> **Activity**: Could you reproduce, from the records below, everything from the line with "Ten civil engineering" down to the line with "Abb. oben: die", keeping both of those lines and changing nothing?

Segment Start: The data

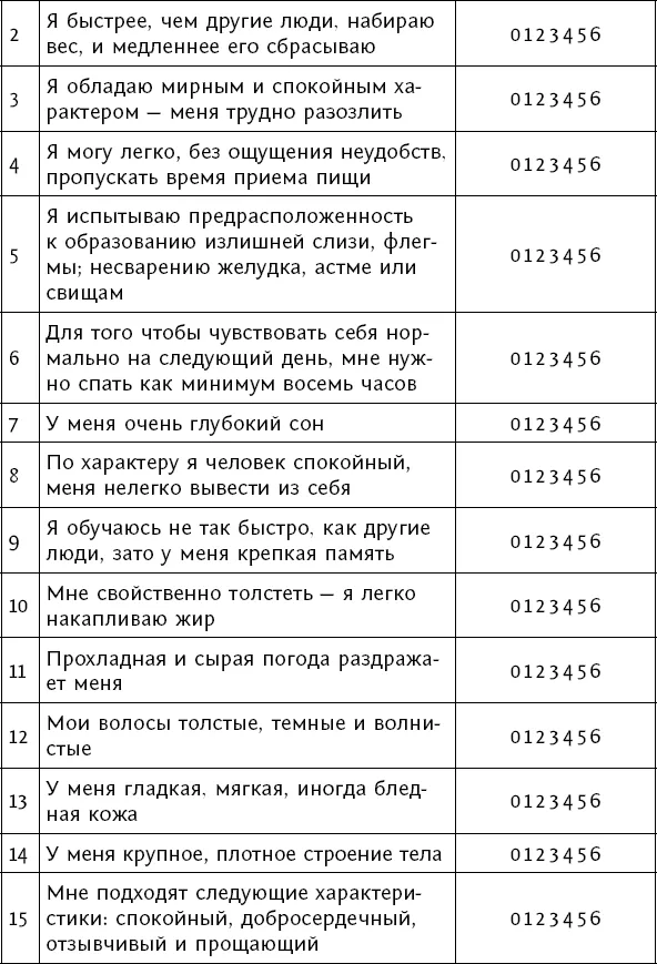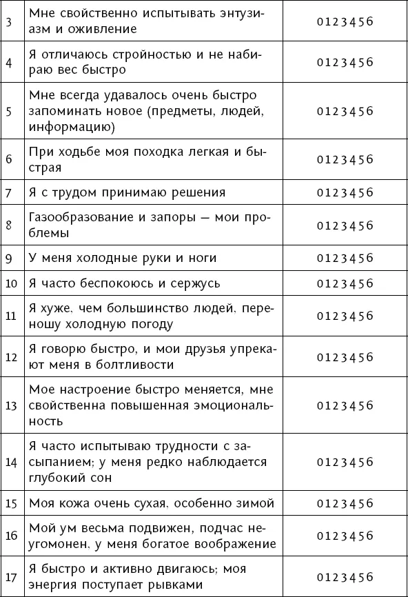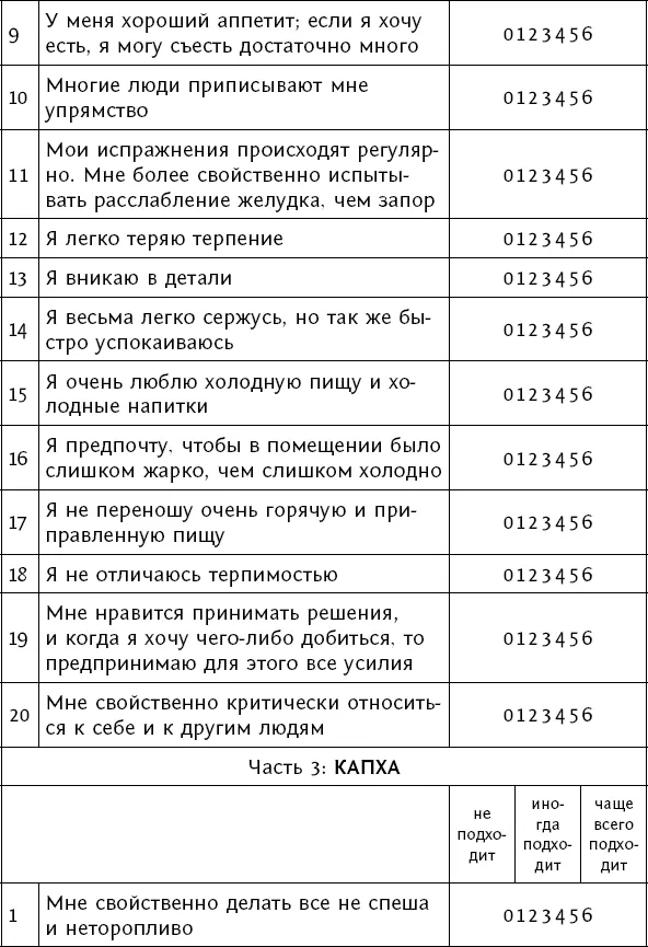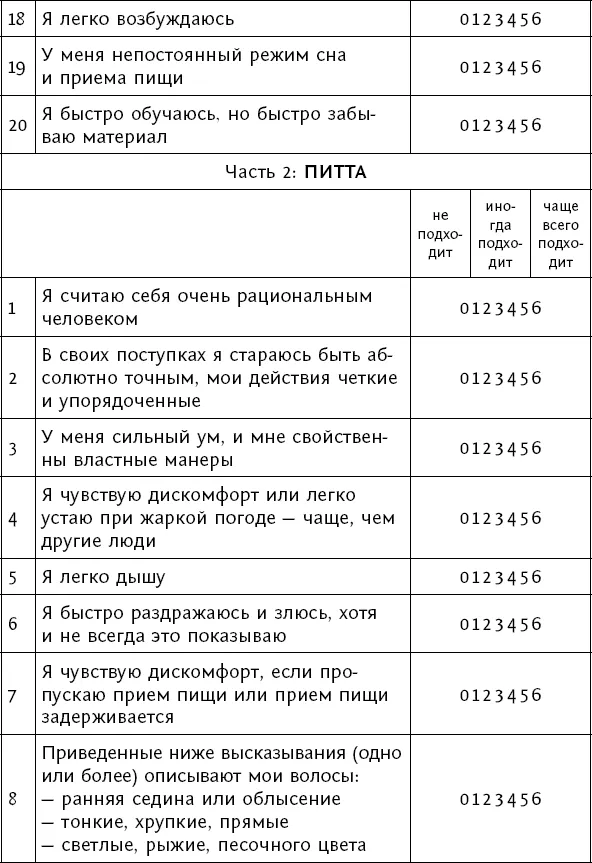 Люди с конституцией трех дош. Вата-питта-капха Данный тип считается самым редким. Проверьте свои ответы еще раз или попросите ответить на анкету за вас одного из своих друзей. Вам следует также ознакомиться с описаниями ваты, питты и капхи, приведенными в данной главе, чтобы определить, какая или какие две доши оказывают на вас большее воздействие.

Segment End: The data
Segment Start: The data

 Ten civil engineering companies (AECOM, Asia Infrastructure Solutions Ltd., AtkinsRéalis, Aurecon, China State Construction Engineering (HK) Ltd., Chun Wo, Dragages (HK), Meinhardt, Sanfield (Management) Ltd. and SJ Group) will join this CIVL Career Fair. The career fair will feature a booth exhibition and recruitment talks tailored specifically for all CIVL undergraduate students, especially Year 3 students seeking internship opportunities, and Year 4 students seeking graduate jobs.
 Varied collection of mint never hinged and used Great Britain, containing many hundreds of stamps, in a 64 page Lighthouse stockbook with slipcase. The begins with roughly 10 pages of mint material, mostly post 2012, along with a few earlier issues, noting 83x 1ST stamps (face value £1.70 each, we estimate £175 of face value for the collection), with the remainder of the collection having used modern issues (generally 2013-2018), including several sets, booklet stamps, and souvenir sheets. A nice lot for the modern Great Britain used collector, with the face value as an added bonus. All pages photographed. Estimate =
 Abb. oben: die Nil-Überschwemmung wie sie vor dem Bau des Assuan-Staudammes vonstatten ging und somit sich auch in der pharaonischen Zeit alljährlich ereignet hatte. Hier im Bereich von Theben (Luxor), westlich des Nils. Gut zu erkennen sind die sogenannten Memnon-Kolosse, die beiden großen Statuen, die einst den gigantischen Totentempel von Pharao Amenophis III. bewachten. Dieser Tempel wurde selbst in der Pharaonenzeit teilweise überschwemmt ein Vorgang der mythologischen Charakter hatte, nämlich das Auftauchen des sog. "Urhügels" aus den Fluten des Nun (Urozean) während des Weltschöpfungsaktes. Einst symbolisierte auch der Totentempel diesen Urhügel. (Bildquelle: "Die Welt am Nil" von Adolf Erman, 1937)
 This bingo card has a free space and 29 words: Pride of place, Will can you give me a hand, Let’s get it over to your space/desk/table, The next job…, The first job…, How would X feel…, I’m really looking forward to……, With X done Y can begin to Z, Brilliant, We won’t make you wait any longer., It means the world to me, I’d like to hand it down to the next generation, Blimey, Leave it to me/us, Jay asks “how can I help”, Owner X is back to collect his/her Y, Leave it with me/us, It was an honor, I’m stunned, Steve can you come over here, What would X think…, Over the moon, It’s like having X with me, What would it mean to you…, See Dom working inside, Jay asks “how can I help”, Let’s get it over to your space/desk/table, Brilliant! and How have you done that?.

Segment End: The data

> **Result of this exercise**:
 Ten civil engineering companies (AECOM, Asia Infrastructure Solutions Ltd., AtkinsRéalis, Aurecon, China State Construction Engineering (HK) Ltd., Chun Wo, Dragages (HK), Meinhardt, Sanfield (Management) Ltd. and SJ Group) will join this CIVL Career Fair. The career fair will feature a booth exhibition and recruitment talks tailored specifically for all CIVL undergraduate students, especially Year 3 students seeking internship opportunities, and Year 4 students seeking graduate jobs.
 Varied collection of mint never hinged and used Great Britain, containing many hundreds of stamps, in a 64 page Lighthouse stockbook with slipcase. The begins with roughly 10 pages of mint material, mostly post 2012, along with a few earlier issues, noting 83x 1ST stamps (face value £1.70 each, we estimate £175 of face value for the collection), with the remainder of the collection having used modern issues (generally 2013-2018), including several sets, booklet stamps, and souvenir sheets. A nice lot for the modern Great Britain used collector, with the face value as an added bonus. All pages photographed. Estimate =
 Abb. oben: die Nil-Überschwemmung wie sie vor dem Bau des Assuan-Staudammes vonstatten ging und somit sich auch in der pharaonischen Zeit alljährlich ereignet hatte. Hier im Bereich von Theben (Luxor), westlich des Nils. Gut zu erkennen sind die sogenannten Memnon-Kolosse, die beiden großen Statuen, die einst den gigantischen Totentempel von Pharao Amenophis III. bewachten. Dieser Tempel wurde selbst in der Pharaonenzeit teilweise überschwemmt ein Vorgang der mythologischen Charakter hatte, nämlich das Auftauchen des sog. "Urhügels" aus den Fluten des Nun (Urozean) während des Weltschöpfungsaktes. Einst symbolisierte auch der Totentempel diesen Urhügel. (Bildquelle: "Die Welt am Nil" von Adolf Erman, 1937)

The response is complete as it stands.